Having found that Faulkner had probable cause to arrest Reagan, we now address whether the subsequent search of his vehicle was constitutional. Reagan has not challenged whether there was a proper search incident to arrest, see New York v. Belton, 453 U.S. 454, 460, 101 S.Ct. 2860, 69 L.Ed.2d 768 (1981), but, as argued by the government, has conceded that the search was an inventory search. We therefore deem this issue effectively waived on appeal. See United States v. Sandridge, 385 F.3d 1032, 1035 (6th Cir.2004).

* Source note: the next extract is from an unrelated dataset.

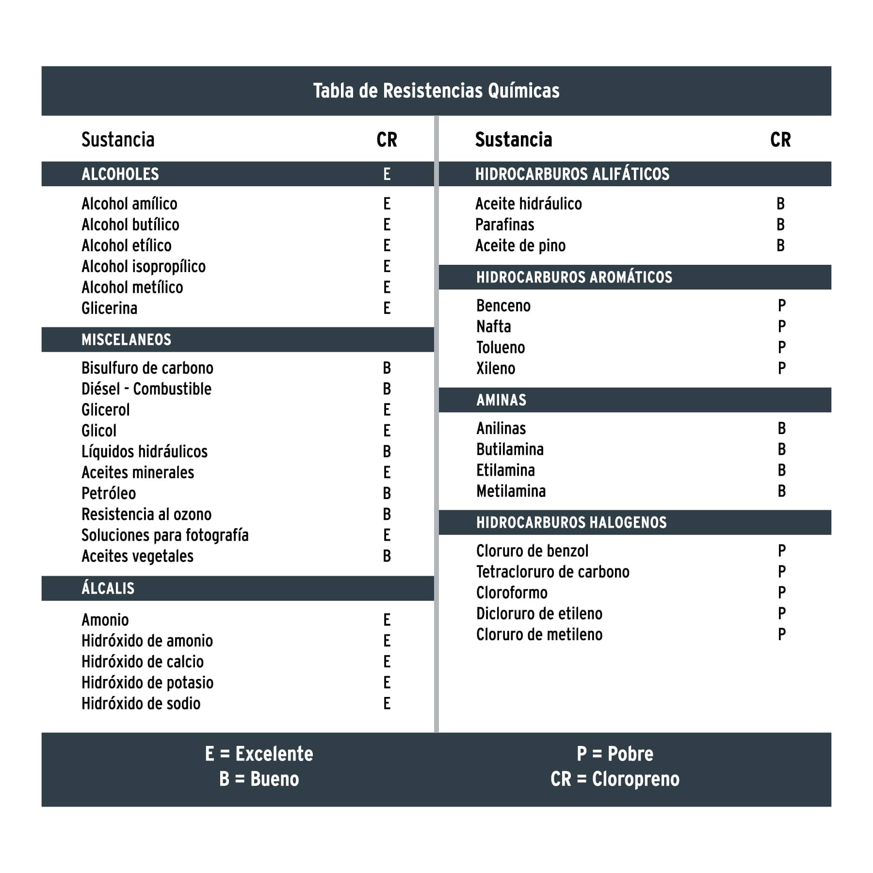 - Resistencia a solventes, aceites, grasas, ácidos, alcalinos y productos químicos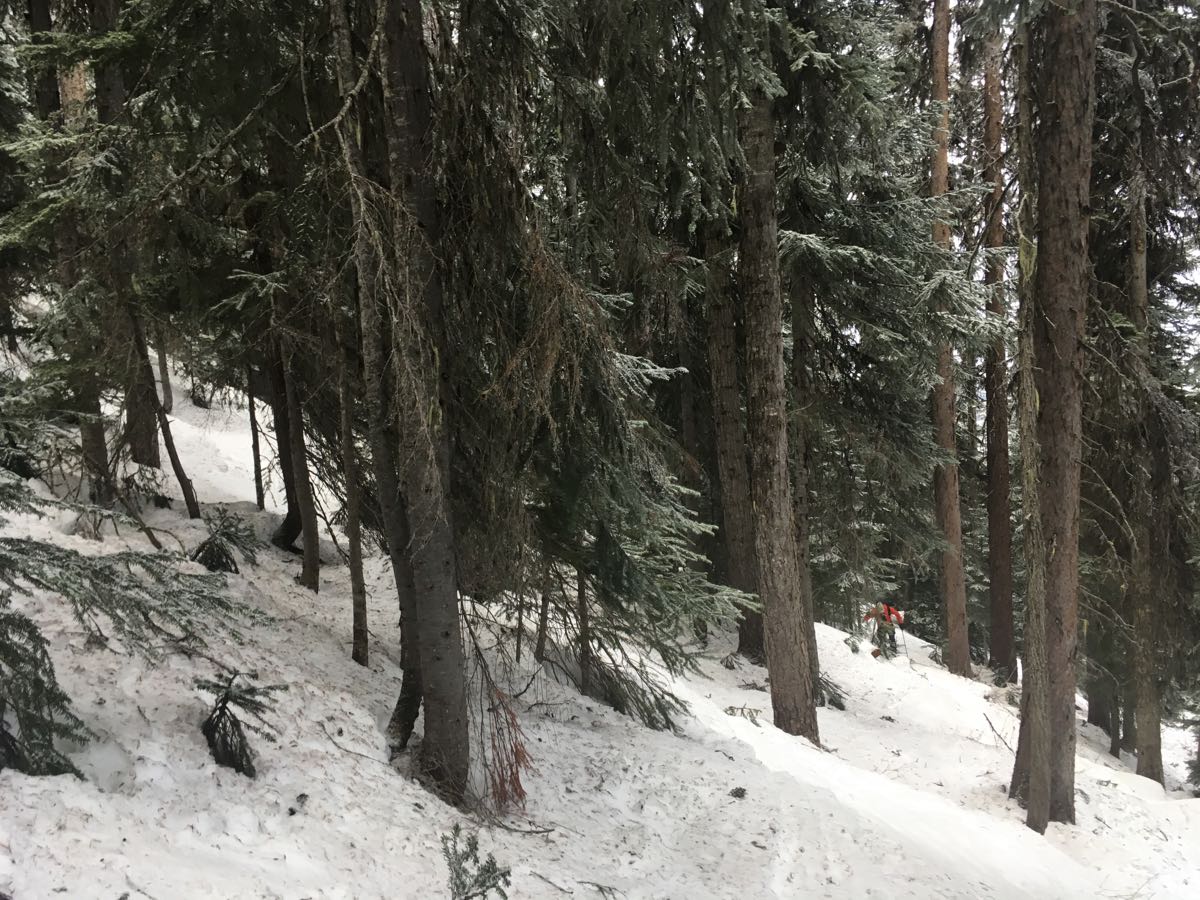 Polar aspects are skiing great on open slopes down to at least 1600m with 20cm ski penetration. The new snow was sluffing dry and easily on the crust in steep terrain on solar aspects in reaction to skier input. Anything under a tree canopy is variably unpleasant as the the picture can attest to.

Although Reagan makes some references to the investigative detention, known as a “Terry stop,” see Terry v. Ohio, 392 U.S. 1, 88 S.Ct. 1868, 20 L.Ed.2d 889 (1968), we find that he has not developed any substantive argument as to why Faulkner lacked any reasonable suspicion and, thus, has also abandoned this issue on appeal. See Brown v. Konteh, 567 F.3d 191, 212 (6th Cir.2009), cert. denied, — *17U.S. —, 130 S.Ct. 1081, 175 L.Ed.2d 888 (2010) (“[IJssues not adequately developed or argued in the appellate briefs are deemed abandoned and thus not addressed by this court.”)- At most, Reagan stated that he “does not concede” that Faulkner had a right to make a Terry stop. Such a summary averment does not suffice as adequate briefing of this court, and thus this issue is not preserved on appeal.1 See United States v. Hough, 276 F.3d 884, 891 (6th Cir.2002).
For the above reasons, we affirm the district court’s denial of Reagan’s motion to suppress.